PHP web site compromised
PHP web site compromised
Posted Oct 28, 2013 13:45 UTC (Mon) by fergal (guest, #602)In reply to: PHP web site compromised by cabrilo
Parent article: PHP web site compromised
Nothing but it probably shouldn't be possible to cause your whole interpreter to segfault due to incorrect use of an API. That's a violation of the layers. If I want segfaults I'll program in C. Otherwise I expect to get errors at the standard level of abstraction of the language, so that e.g. I get a stack trace of _my_ code at the time of the error, not a stack trace of the interpreter.

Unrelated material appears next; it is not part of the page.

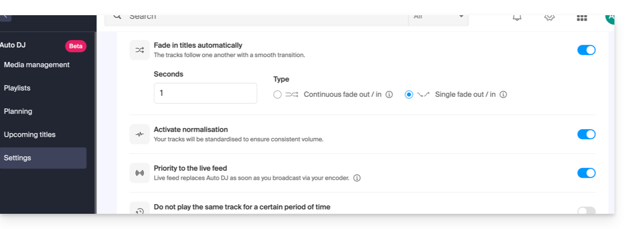 - Transición en vivo / AutoDJ: puede programar franjas horarias o automatizar la reanudación del flujo Auto DJ tan pronto como un codificador (fuente externa) deje de enviar su flujo.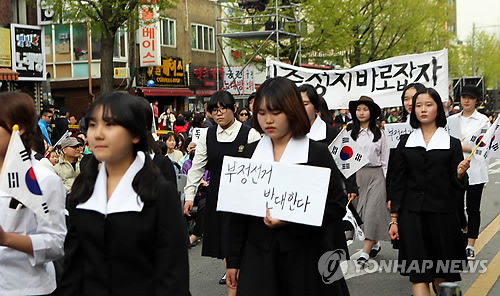| △ 1960년대 거리재현 퍼레이드 (서울=연합뉴스) 이승민 기자 = 4·19 혁명 국민문화제가 열린 18일 서울 강북구청사거리 인근에서 1960년대 거리재현 퍼레이드가 진행되고 있다. 2015.4.18 logos@yna.co.kr |

I think the complaint about XSRF etc is there because PHP was intended to be used to create websites and not much else, so lacking essential tools for creating secure websites seems like a valid criticism. It's incredibly rare to see it used for anything else. If it's not ready for website creation out of the box, what is it ready for?

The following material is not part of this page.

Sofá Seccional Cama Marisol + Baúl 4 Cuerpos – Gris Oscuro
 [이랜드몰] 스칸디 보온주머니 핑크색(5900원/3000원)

As for sort vs rsort, there are 12 slightly different sort functions mentioned in that post. Most other languages have 1 (maybe 2: in-place vs copy) and a way to make it behave as needed (PHP's usort, essentially). Yes, some of those 12 only exist to provide "a" and "k" versions but what about natcasesort? What if you want to do an ksort but use the same criteria as natcasesort, in reverse?
This shows a lack of wisdom and good taste (or even just an ability to copy what's done well in other languages).

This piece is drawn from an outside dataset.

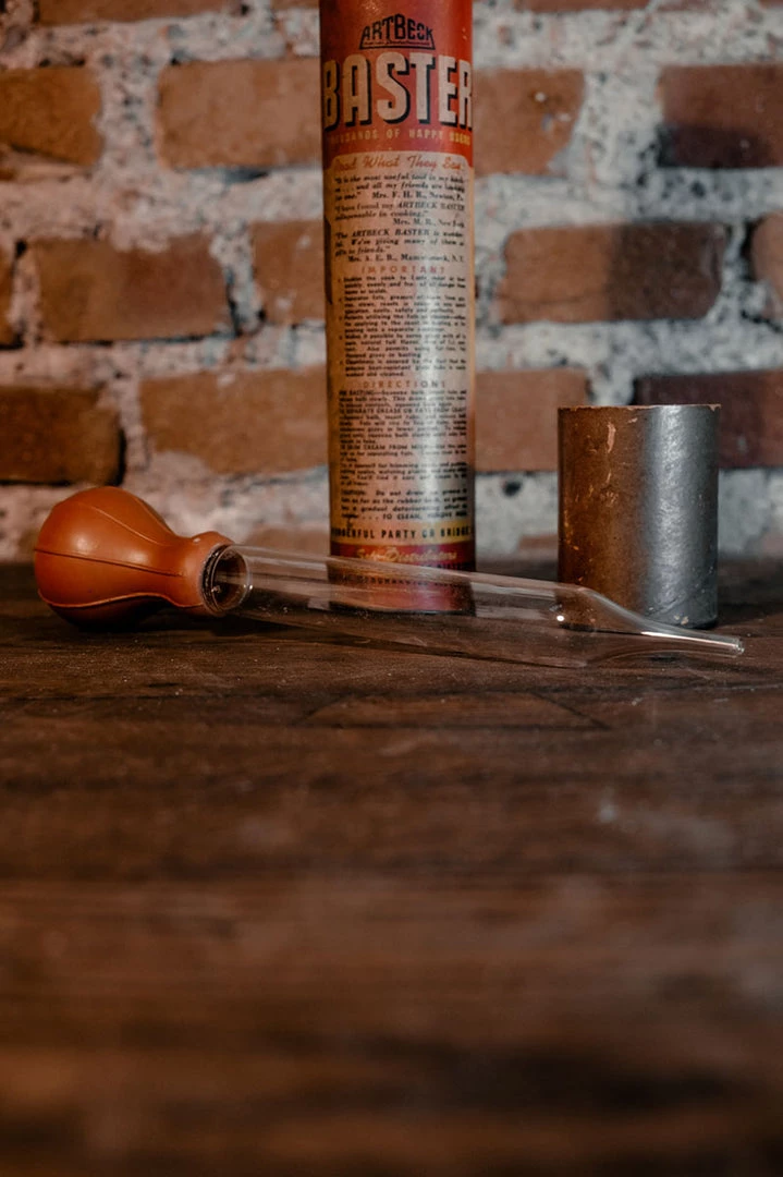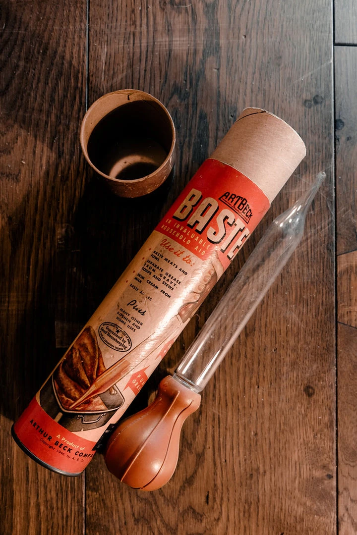 1946 Arthur Becks Pyrex glass turkey/chicken baster in its original box with leaflet.

I've worked with people who will happily just copy that chunk of code from X to Y and modify one line instead of stopping to think how to making a function out of it. These people always have a host of other bad practices and in some cases have written such terrible code that I've actually spent more time dealing with it and fixing it than if I'd just written it from scratch myself.
PHP's API has exactly that feel about it.